The data below should be transcribed in full, with no picture included.

^^^^^^^^^^^^^^^^

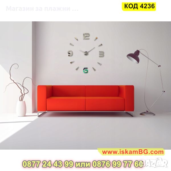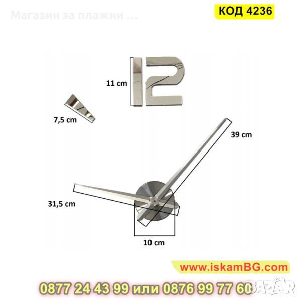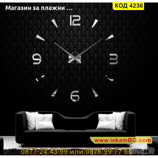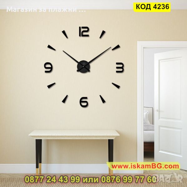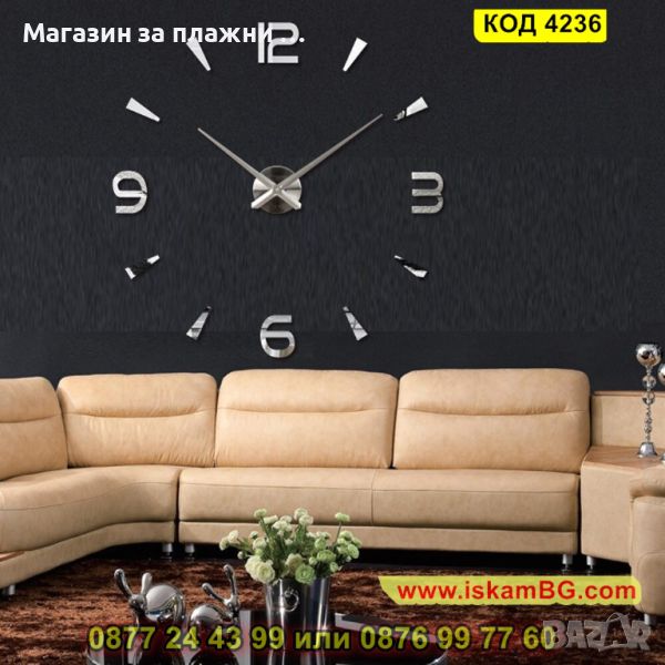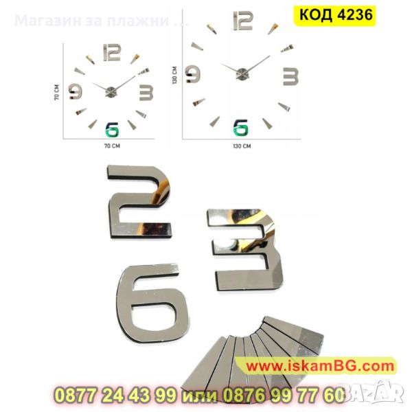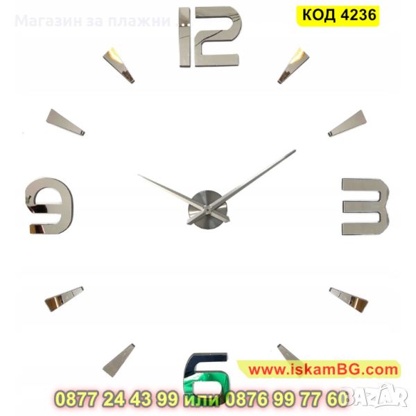 Много красив и модерен 3Д стенен часовник подходящ за монтаж с диаметър от 80 до 130 см. - в комплекта има шаблон с който да определите точно къде трябва да залепите цифрите
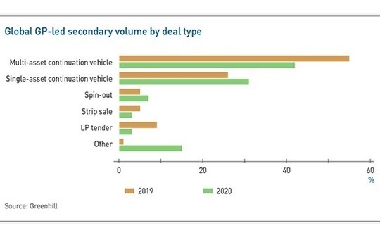 As recently as four years ago, sales of LP fund positions dominated secondary activity, with GP-led transactions accounting for less than one-quarter of global volume. In 2020, the GP-led share hit 44%, as the market rebounded aggressively from a COVID-19 induced lull with a slew of continuation funds, spinouts, strip sales, and LP tender offers in the second half of the year, according to Greenhill.
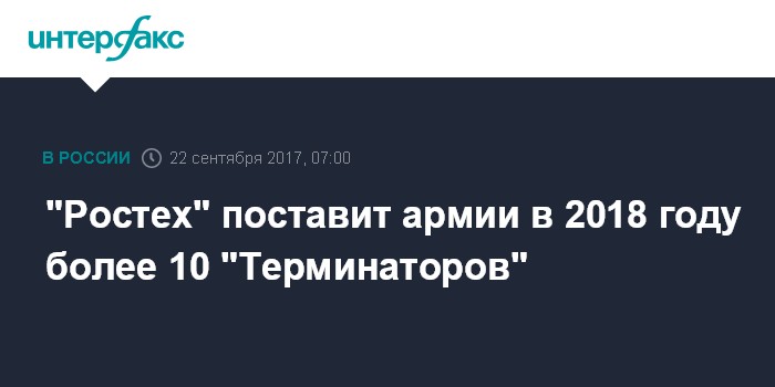 В корпорации заявили, что идут работы над новой моделью "Терминатора". Ранее вице-премьер РФ Дмитрий Рогозин сообщил, что "Терминатор" после успешного применения в Сирии резко повысил свой экспортный потенциал. "Пример Сирии показал, что эта машина - именно для такого рода боевых действий в городских условиях", - заявил он. Начальник Главного автобронетанкового управления Минобороны РФ генерал-лейтенант Александр Шевченко сообщил в сентябре, что "Терминатор" будет принят на вооружение в этом году. По его словам, интерес к БМПТ проявили уже многие страны, в первую очередь, Израиль и Сирия. Партию БМПТ "Терминатор-1" ранее купил Казахстан. Модернизированную боевую машину - "Терминатор-2" - "Уралвагонзавод" демонстрировал, в частности, на форуме "Армия-2016".
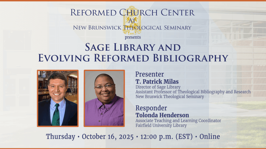 While the vision, and many other things, have changed, Gardner A. Sage Library is still with us. Its history and the changing understanding of the role of libraries in theological education will be the subject of our next Reformed Church Center program, “Sage Library and Evolving Reformed Bibliography,” to be held online on Thursday, October 16, 12:00 noon to 1:30 pm Eastern Time.
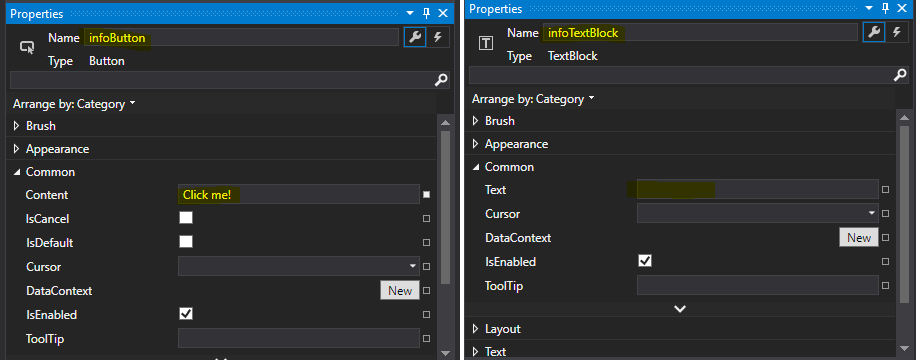 * muuta TextBlock objektin nimeksi infoTextBlock Name-arvon kautta

^^^^^^^^^^^^^^^^

→ **Task answer**
 Много красив и модерен 3Д стенен часовник подходящ за монтаж с диаметър от 80 до 130 см. - в комплекта има шаблон с който да определите точно къде трябва да залепите цифрите
 As recently as four years ago, sales of LP fund positions dominated secondary activity, with GP-led transactions accounting for less than one-quarter of global volume. In 2020, the GP-led share hit 44%, as the market rebounded aggressively from a COVID-19 induced lull with a slew of continuation funds, spinouts, strip sales, and LP tender offers in the second half of the year, according to Greenhill.
 В корпорации заявили, что идут работы над новой моделью "Терминатора". Ранее вице-премьер РФ Дмитрий Рогозин сообщил, что "Терминатор" после успешного применения в Сирии резко повысил свой экспортный потенциал. "Пример Сирии показал, что эта машина - именно для такого рода боевых действий в городских условиях", - заявил он. Начальник Главного автобронетанкового управления Минобороны РФ генерал-лейтенант Александр Шевченко сообщил в сентябре, что "Терминатор" будет принят на вооружение в этом году. По его словам, интерес к БМПТ проявили уже многие страны, в первую очередь, Израиль и Сирия. Партию БМПТ "Терминатор-1" ранее купил Казахстан. Модернизированную боевую машину - "Терминатор-2" - "Уралвагонзавод" демонстрировал, в частности, на форуме "Армия-2016".
 While the vision, and many other things, have changed, Gardner A. Sage Library is still with us. Its history and the changing understanding of the role of libraries in theological education will be the subject of our next Reformed Church Center program, “Sage Library and Evolving Reformed Bibliography,” to be held online on Thursday, October 16, 12:00 noon to 1:30 pm Eastern Time.
 * muuta TextBlock objektin nimeksi infoTextBlock Name-arvon kautta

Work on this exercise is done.